Health & Medical sports & Exercise

BMI and Physical Activity From Childhood Through Adolescence

BMI and Physical Activity From Childhood Through Adolescence

Abstract and Introduction

Abstract


Background Obesity, sedentary lifestyle and poor cardiorespiratory fitness in childhood may increase the risk of health problems later in life.

Purpose The authors studied the association of early childhood weight status with cardiorespiratory fitness and leisure-time physical activity (LTPA) in adolescence. The stability and associations of LTPA and fitness from childhood through adolescence were also studied.

Methods Body mass index (BMI) was assessed annually since birth in a prospective, longitudinal study. The mean BMI between ages 2 and 7 years indicated weight status at preschool age. Fitness was studied with a shuttle run test at age 9 and with a maximal cycle ergometer test at age 17. The same questionnaire was used to assess LTPA at age 9, 13 and 17. Complete data on preschool BMI, LTPA at ages 13 and 17 and fitness at age 17 years was provided by 351 children, while fitness and LTPA data were available for 74 children at ages 9 and 17.

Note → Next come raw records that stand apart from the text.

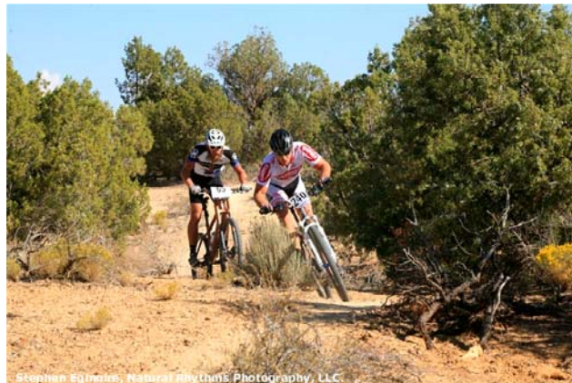
Stephen Egimick, Natural Rhythms Photography, LLC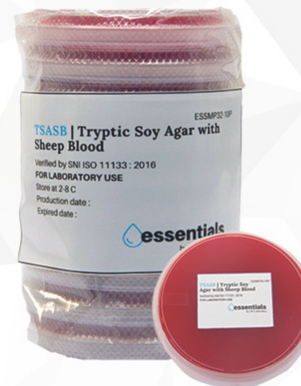
Tryptic Soy Agar With Sheep Blood (TSASB)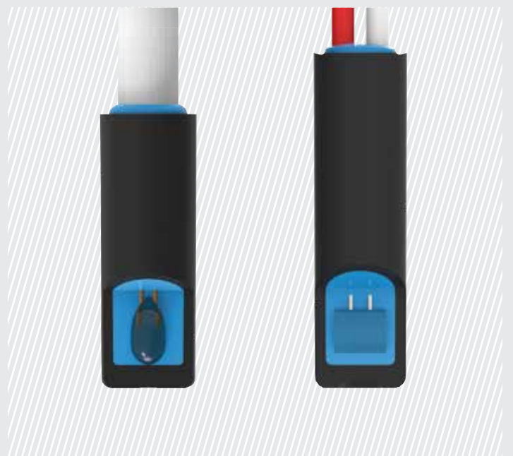
NTC temperature sensor (sectional view)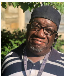
MR REGGIE Food Service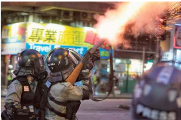
Police crackdown: Teargas shells being fired towards protesters in Wan Chai district of Hong Kong on Sunday.

Police also denied the protesters a permit for a second rally in the city's working class Sham Shui Po neighbourhood.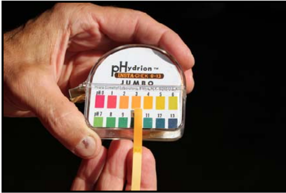
Figure 6. Check that the pH of the acid rinse is between 3 and 4.

surfaces. When minerals collect with organic material on equipment surfaces, milkstone (a white, chalky film) develops. Milkstone provides areas on contact surfaces for bacterial growth within the milking system. The acid rinse reduces the pH of the equipment, which helps to prevent bacterial growth between milkings. The acid rinse also neutralizes the chlorine and alkaline residues from the wash cycle and helps to prolong the life of any rubber parts.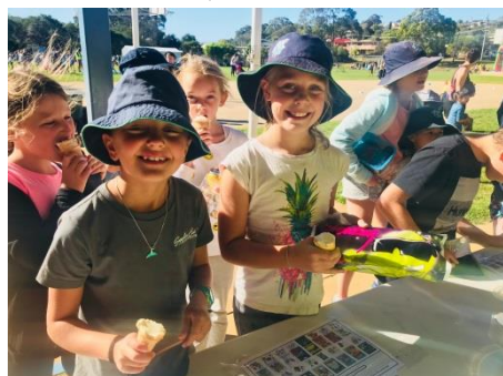
Showbags were popular on the day.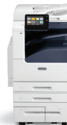
Xerox® VersaLink® B7025/B7030/B7035 Multifunction Printer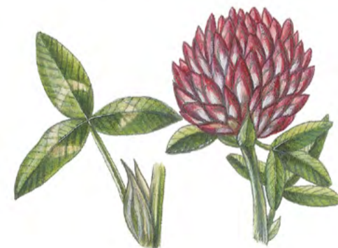
Red clover Trifolium pratense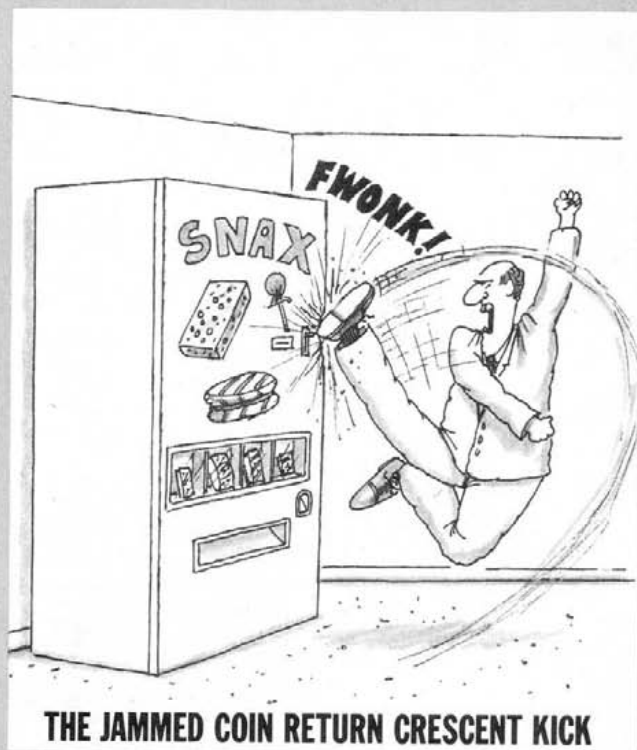
THE JAMMED COIN RETURN CRESCENT KICK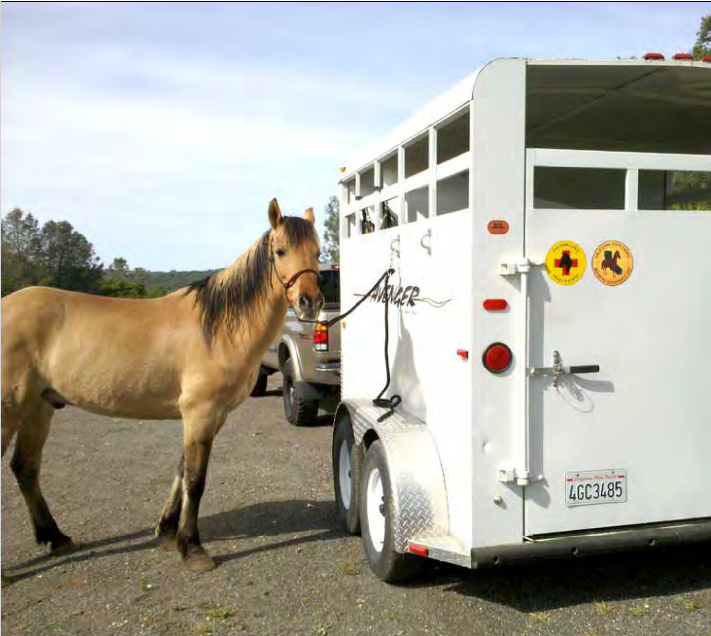
Mounted Assistance Unit decal on horse trailer. Also notice the Folsom Lake Mounted Assistance decal on trailer.

Results Preschool BMI was inversely associated with fitness in adolescence independently of adolescent LTPA (p=0.0001). Children who had a high preschool BMI but whose weight status was reduced in adolescence had similar fitness in adolescence as the children with a persistently low BMI. Regardless of the fitness level in childhood, the children whose LTPA increased between age 9 and 17 had a similar adolescent fitness level as persistently active subjects.

Conclusions It is important to maintain a healthy body weight and a physically active lifestyle from very childhood through adolescence to improve fitness during adolescence.

Introduction


The soaring prevalence of childhood overweight and obesity that has occurred during the past decades gives cause for great concern. Among the detrimental consequences of childhood overweight on current and future health, children and adolescents with overweight are less fit than their leaner peers. Also, overweight may lead to inactivity and not be the result of it. Whether weight in early childhood is associated with cardiorespiratory fitness (referred later as fitness) or engagement in physical activity in adolescence is, however, not known.

Lack of physical activity is globally the fourth most important risk factor associated with mortality. From very early childhood, a sedentary lifestyle and poor fitness carry many unfavourable health effects. Fitness tracks moderately well from childhood to adolescence, while physical activity shows somewhat weaker stability. Fitness is strongly determined by heredity; approximately half of the interindividual variance of fitness may be explained by genetic factors. Fitness can be improved by increasing physical activity, but the magnitude of improvement varies markedly. In children and adolescents, the association between physical activity and fitness is rather weak or lacking. There are only a few longitudinal studies on fitness and physical activity among children and adolescents, and there is very little data on the effect of changes in physical activity during childhood and adolescence on subsequent fitness.

The main aim of this study was to examine how early childhood weight status is related to fitness and physical activity later in life. We studied the association of preschool body mass index (BMI) and the change in weight status from early childhood to adolescence with fitness and leisure-time physical activity (LTPA) in adolescence. We also studied the stability of LTPA and fitness and their associations through childhood to adolescence. We specifically asked, whether LTPA predicts fitness at age 17 independently of childhood fitness.